The Good Reverend Roger

Quote from: V3X on October 18, 2012, 05:58:11 PM
It's also perfectly legal to require your employees to attend a particular political rally - even under threats of firing.

Technically not legal...BUT WHO'S COUNTING?
" It's just that Depeche Mode were a bunch of optimistic loveburgers."
- TGRR, shaming himself forever, 7/8/2017

"Billy, when I say that ethics is our number one priority and safety is also our number one priority, you should take that to mean exactly what I said. Also quality. That's our number one priority as well. Don't look at me that way, you're in the corporate world now and this is how it works."
- TGRR, raising the bar at work.

Nephew Twiddleton

Recently not much. But being a green doesnt stop me from voting for democrats when i find it necessary to do so.
Strange and Terrible Organ Laminator of Yesterday's Heavy Scene
Sentence or sentence fragment pending

Soy El Vaquero Peludo de Oro

TIM AM I, PRIMARY OF THE EXTRA-ATMOSPHERIC SIMIANS

The Good Reverend Roger

Quote from: Nephew Twiddleton on October 18, 2012, 06:03:14 PM
Recently not much. But being a green doesnt stop me from voting for democrats when i find it necessary to do so.

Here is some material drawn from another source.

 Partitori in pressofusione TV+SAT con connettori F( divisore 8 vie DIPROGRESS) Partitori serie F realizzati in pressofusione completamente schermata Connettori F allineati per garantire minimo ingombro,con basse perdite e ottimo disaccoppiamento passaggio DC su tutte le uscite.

Well, there you go.  You are all set.

" It's just that Depeche Mode were a bunch of optimistic loveburgers."
- TGRR, shaming himself forever, 7/8/2017

"Billy, when I say that ethics is our number one priority and safety is also our number one priority, you should take that to mean exactly what I said. Also quality. That's our number one priority as well. Don't look at me that way, you're in the corporate world now and this is how it works."
- TGRR, raising the bar at work.

Cain

Voting Green has two vital functions:

a) it causes Democrat partisans to spazz out hilariously, and
b) it allows Democrat partisans to engage in a chorus of thanksralphery, regardless of the topic of discussion.  They will then exhort left-leaning Democrats to shun the heretics and stay true to the Faith.

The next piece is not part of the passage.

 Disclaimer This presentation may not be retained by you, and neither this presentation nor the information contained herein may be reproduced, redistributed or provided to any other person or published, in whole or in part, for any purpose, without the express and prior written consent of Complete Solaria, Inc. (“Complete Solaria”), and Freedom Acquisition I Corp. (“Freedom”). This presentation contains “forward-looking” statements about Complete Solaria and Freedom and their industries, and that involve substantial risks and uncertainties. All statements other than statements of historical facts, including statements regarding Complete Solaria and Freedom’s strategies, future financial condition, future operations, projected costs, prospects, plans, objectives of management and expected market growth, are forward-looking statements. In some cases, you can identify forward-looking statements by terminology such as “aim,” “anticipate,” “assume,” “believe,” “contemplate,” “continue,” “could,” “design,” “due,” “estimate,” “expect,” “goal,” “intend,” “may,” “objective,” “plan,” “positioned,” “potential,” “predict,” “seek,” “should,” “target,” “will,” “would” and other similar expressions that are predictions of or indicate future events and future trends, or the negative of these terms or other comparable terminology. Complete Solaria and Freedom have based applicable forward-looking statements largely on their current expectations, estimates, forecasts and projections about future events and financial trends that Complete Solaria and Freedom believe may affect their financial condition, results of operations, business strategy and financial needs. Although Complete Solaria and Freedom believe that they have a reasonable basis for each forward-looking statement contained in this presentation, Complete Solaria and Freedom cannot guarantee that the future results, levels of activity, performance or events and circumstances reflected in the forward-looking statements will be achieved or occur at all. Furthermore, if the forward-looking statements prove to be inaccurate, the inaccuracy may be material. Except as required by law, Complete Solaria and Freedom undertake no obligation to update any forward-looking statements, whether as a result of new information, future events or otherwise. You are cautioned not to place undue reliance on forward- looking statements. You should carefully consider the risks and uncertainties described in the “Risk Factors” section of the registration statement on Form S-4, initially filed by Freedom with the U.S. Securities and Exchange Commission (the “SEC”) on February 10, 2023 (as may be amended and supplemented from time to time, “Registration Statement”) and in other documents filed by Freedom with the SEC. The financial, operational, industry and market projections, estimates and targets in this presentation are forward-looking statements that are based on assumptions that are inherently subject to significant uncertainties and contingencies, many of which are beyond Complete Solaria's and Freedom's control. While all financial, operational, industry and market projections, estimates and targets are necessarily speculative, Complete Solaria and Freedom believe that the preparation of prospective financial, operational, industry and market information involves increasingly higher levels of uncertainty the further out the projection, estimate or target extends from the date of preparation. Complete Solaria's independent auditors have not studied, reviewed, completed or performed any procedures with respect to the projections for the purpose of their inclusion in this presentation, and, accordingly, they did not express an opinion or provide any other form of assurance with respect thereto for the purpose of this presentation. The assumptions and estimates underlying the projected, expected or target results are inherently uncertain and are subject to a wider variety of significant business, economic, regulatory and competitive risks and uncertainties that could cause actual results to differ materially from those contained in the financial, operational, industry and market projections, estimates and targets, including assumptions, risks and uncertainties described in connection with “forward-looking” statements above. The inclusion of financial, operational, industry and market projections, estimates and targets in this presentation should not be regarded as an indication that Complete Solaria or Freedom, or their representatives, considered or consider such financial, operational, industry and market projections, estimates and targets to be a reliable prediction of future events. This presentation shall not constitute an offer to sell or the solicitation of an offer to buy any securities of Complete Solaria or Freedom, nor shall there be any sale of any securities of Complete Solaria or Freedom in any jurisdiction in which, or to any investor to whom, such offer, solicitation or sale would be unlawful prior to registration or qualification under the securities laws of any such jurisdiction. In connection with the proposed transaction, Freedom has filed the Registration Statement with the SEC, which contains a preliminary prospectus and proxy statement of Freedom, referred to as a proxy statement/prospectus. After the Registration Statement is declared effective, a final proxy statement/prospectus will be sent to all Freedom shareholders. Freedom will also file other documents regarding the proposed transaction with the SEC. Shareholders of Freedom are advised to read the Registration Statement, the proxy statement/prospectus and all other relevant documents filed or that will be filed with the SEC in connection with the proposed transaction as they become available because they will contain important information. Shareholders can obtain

Both of the above are really one thing, but the spazzing is so hilarious it deserves two mentions.

Mesozoic Mister Nigel

Quote from: Cain on October 18, 2012, 06:04:37 PM
Voting Green has two vital functions:

a) it causes Democrat partisans to spazz out hilariously, and
b) it allows Democrat partisans to engage in a chorus of thanksralphery, regardless of the topic of discussion.  They will then exhort left-leaning Democrats to shun the heretics and stay true to the Faith.

Both of the above are really one thing, but the spazzing is so hilarious it deserves two mentions.

That, totally.

Of course, if everyone who registers Green and/or says that they're "really more aligned with the Green party" actually VOTED Green, we would have a viable third party and probably set the Democratic party scrambling to reclaim the Left.

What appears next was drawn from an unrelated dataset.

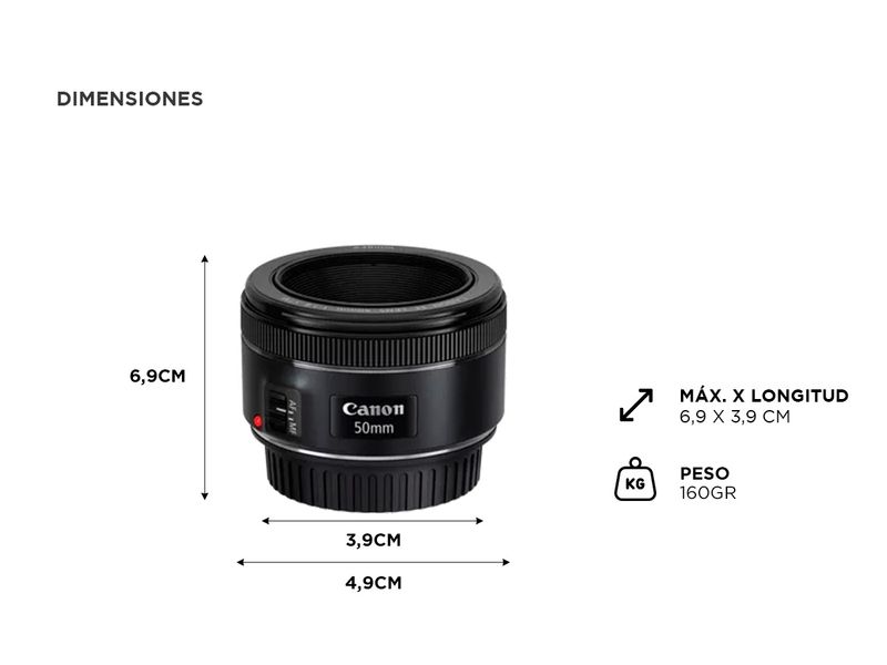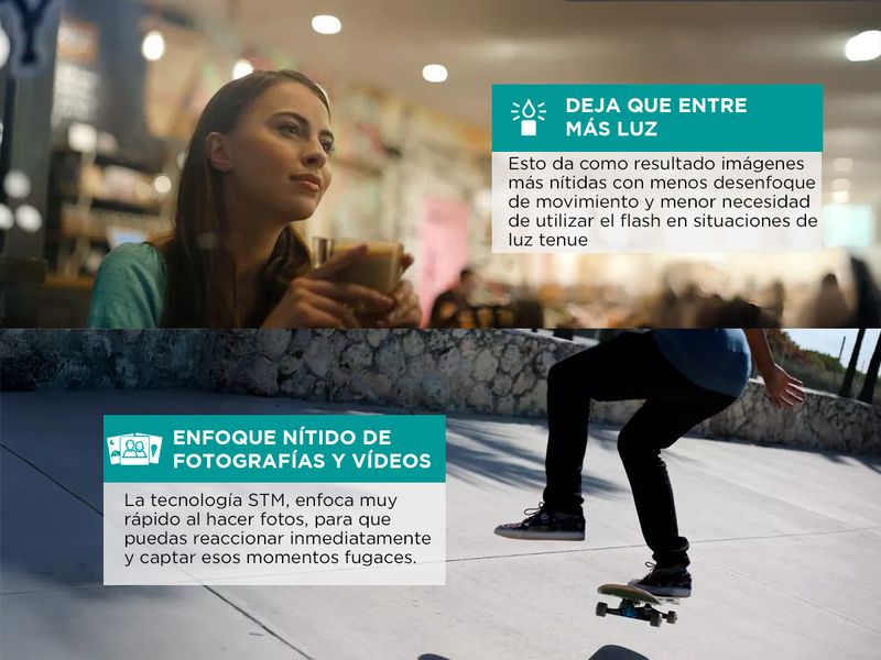 Con solo 160 gramos, es lo suficientemente liviano para llevar a cualquier lugar y utilizar en sesiones largas sin esfuerzo. Además, su motor de enfoque STM garantiza un enfoque rápido y casi silencioso, especialmente útil para grabación de video y captura de escenas en movimiento sin ruido adicional.

Unfortunately, it seems like half the Greens don't bother voting because it's "no use", and the other half vote Democratic for the same reason, which means that being a member of the Green party is enacting exactly as much change as hanging Tibetan prayer flags on your porch.
"I'm guessing it was January 2007, a meeting in Bethesda, we got a bag of bees and just started smashing them on the desk," Charles Wick said. "It was very complicated."


Cain

Quote from: Man Green on October 18, 2012, 06:16:13 PM
Quote from: Cain on October 18, 2012, 06:04:37 PM
Voting Green has two vital functions:

a) it causes Democrat partisans to spazz out hilariously, and
b) it allows Democrat partisans to engage in a chorus of thanksralphery, regardless of the topic of discussion.  They will then exhort left-leaning Democrats to shun the heretics and stay true to the Faith.

Both of the above are really one thing, but the spazzing is so hilarious it deserves two mentions.

That, totally.

Of course, if everyone who registers Green and/or says that they're "really more aligned with the Green party" actually VOTED Green, we would have a viable third party and probably set the Democratic party scrambling to reclaim the Left.

Unfortunately, it seems like half the Greens don't bother voting because it's "no use", and the other half vote Democratic for the same reason, which means that being a member of the Green party is enacting exactly as much change as hanging Tibetan prayer flags on your porch.

John Caruso has a parable on this topic:

QuoteJohn Feffer bewails the lack of any alternative to the Democratic Party:

QuoteWe don't have our own party, which would say yes to things we like. True, we have the Green Party and assorted groupuscules. But I'm talking about a viable, national party that secures the votes of the 16 percent of Americans who identify themselves as progressives, and can win a governing majority by crafting arguments that appeal to the two-thirds of Americans who support progressive ideas.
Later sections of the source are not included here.